Approaching Chinese Freedom: A Study in Absolute and Relative Values (PDF)
David Kelly
The rise of stability preservation to dominance in the political order coincided with a highly charged debate over "universal values" and a closely related discussion of a "China Model". This paper analyses the critique of universal values as a "wedge issue" that is used to pre-empt criticism of the party-state by appealing to nationalism and cultural essentialism. Taking freedom as a case in point of a universal value, it shows that, while more developed in the West, freedom has an authentic Chinese history with key watersheds in the late Qing reception of popular sovereignty and the ending of the Maoist era. The work of Wang Ruoshui, Qin Hui and Xu Jilin display some of the resources liberals now bring to "de-wedging" universal values, not least freedom. They share a refusal to regard "Western" values as essentially hostile to Chinese.

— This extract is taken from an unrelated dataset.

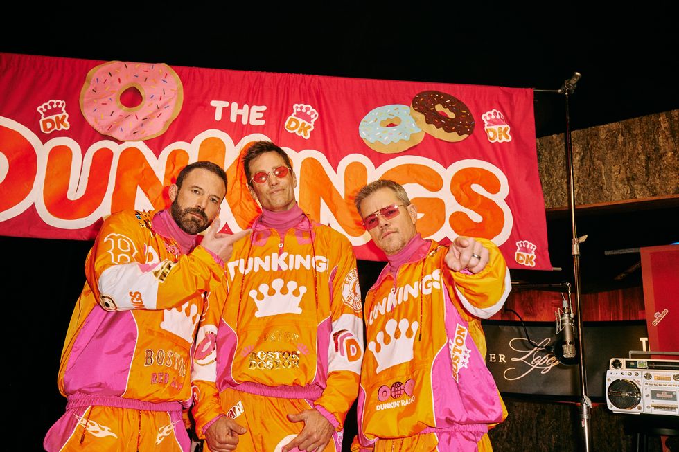 Ignoring advice, Affleck storms into the studio with his band, declares “Here comes the Boston Massacre”, and performs a song about Dunkin.
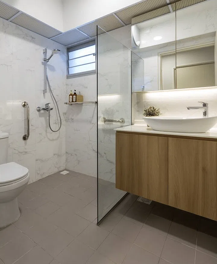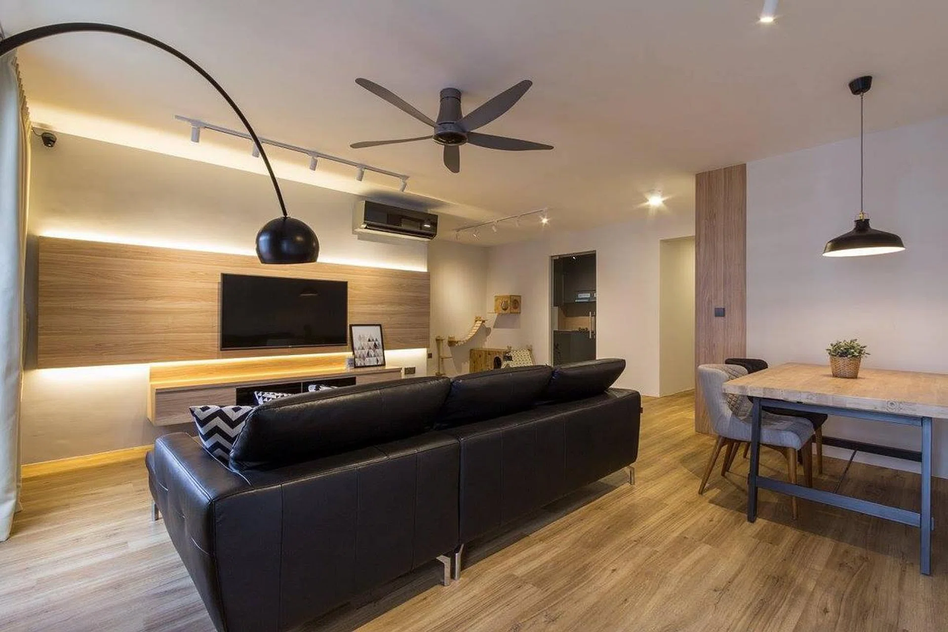 For the living room, the designers at Fineline chose wood-look flooring and customised the TV feature wall with a material of the similar shade. Backlit lights sets the ambience, and adds warmth to the cosy space.

Protest Leadership and Repertoire: A Comparative Analysis of Peasant Protest in Hunan in the 1990s (PDF)
Wu Zhang
Based on detailed ethnographic fieldwork, this paper compares two cases of peasant protest against heavy taxes and fees in a northern Hunan county in the 1990s. It argues that peasant protest did not arise spontaneously. Rather, it erupted when leaders emerged who used central policy documents on lowering peasant taxes and fees to mobilise peasants. Protest leaders were articulate and public-spirited peasants who had received political training from the local party-state. Furthermore, the number of leaders, their education level, and their relationship with the local party-state explain why the repertoire and the scope of the two protests varied. Protests led by less educated veteran Communist Party cadres tended to be milder and smaller than those led by better-educated peasants more distant from the local party-state. This paper helps us to understand the process of peasant mobilisation in contemporary China and explains why peasant protest varies across cases.
Yao Li
Can citizens in an authoritarian country like China influence policy implementation? Two types of scholarship indicate ways that they can: The first proposes that policy implementation is carried out through a fragmented authoritarian system that requires consultation and cooperation among various government units, and this system is amenable to pressure from outside groups. The second examines institutional channels designed to handle grievances and bridge communication between citizens and the authorities. In this paper, I emphasize a link between these two bodies of scholarship, showing how protest channels are connected to the fragmented authoritarian system and how the imperative to maintain social stability leads higher-level authorities to resolve depart-mental conflicts in favour of protesters. I do this by examining a struggle against the privatization of a hospital in North China, a case that illustrates how protesters successfully employed both the petition system and the opportunities offered by the fragmented authoritarian system to develop powerful alliances, to peacefully pressure top local authorities to intervene and to overcome opposition in the local government, leading to finalizing the municipalization of the hospital.